Global.FFT.addListener(future, 2, TimeUnit.SECONDS, ctx.executor(),
new ForeignFutureListener<String,GetFuture<String>>() {
public void operationSuccess(String value) {
// do something ...
ctx.fireChannelRead(someval);
}
public void operationTimeout(GetFuture<String> f) {
// do something ...
}
public void operationFailure(Exception e) {
// do something ...
}
});
}
You don't want more than one or two FFT instances active at any time, or they could become a drain on CPU. But a single instance can handle thousands of outstanding Futures; about the only reason to have a second one would be to handle higher-latency calls, like S3, at a slower polling rate, say 10-20 milliseconds.

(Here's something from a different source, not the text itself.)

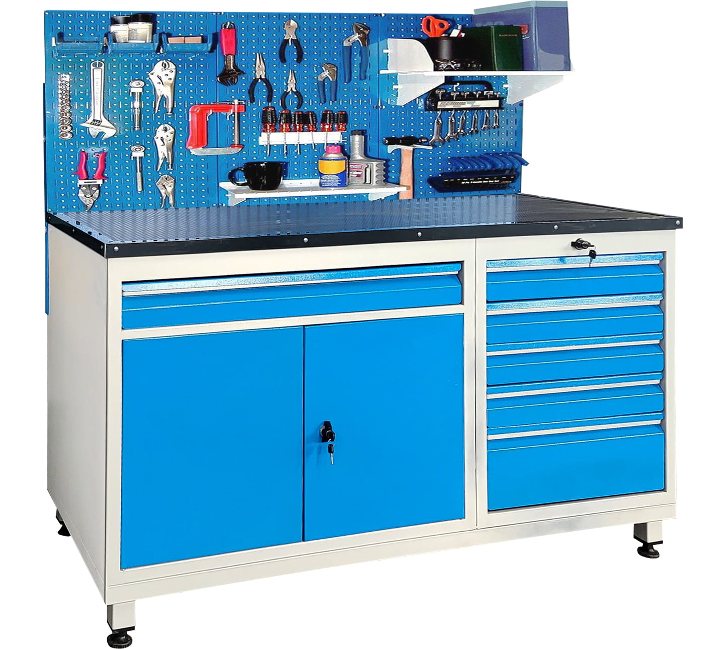 - Güvenlik ve Organizasyon: Tek noktadan kontrol sağlayan merkezi kilit sistemi. Çekmece iç tabanlarında hassas ekipman koruması için anti-statik / darbe emici sünger kaplamalar.

One drawback of the polling approach is that it adds a small amount of latency. For example, polling once a millisecond, on average it will add 500 microseconds to the response time. That won't be an issue for most applications, and I think is more than offset by the memory and CPU savings over the thread pool approach.
I expect within a year or so this will be a non-issue, as more async clients provide callback mechanisms, letting you fully leverage NIO and the event-driven model.